A common feature of patients with loss-of-function or gain-of-function mutations in Orai1 and STIM1 gene is skeletal myopathy. While patients with gain-of-function mutation mainly suffer from tubular aggregate myopathy (TAM) that is marked by decreased fatigue resistance associated with muscle pain and cramping mainly in the lower limbs (Lee and Noguchi 2016), patients with loss-of-function mutations show generalized muscle weakness sometimes associated with muscle fiber type II atrophy (Lacruz and Feske 2015). Involvement of SOCE in muscle development and physiology will be discussed in greater details in the following sections.

In addition to hereditary diseases associated with mutations in Orai1 and STIM1, studies have revealed SOCE implication in an increasing number of other physiological and pathophysiological functions including neurological processes, tumorigenesis, bone and skin formation, exocrine activity of lacrimal and mammary glands and reproduction (Putney, Steinckwich-Besancon et al. 2016).
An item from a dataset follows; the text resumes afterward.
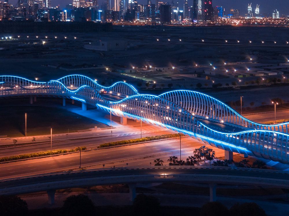 Dubai Meydan Bridge in blue with the Dubai Skyline in the background during the blue hour.

Careful analysis of conditional Orai and STIM KO mice have greatly participated in discovery of SOCE involvement in these functions as global KO mice for either STIM1 or Orai1 die soon after birth (Gwack, Srikanth et al. 2008, Oh-Hora, Yamashita et al. 2008, Stiber, Hawkins et al. 2008, Varga-Szabo, Braun et al. 2008). Conditional mice models will be of importance in the future to better decipher pathways regulated by SOCE in already

identified SOCE dependent physiological functions as well as to complete our knowledge regarding the other processes that it controls.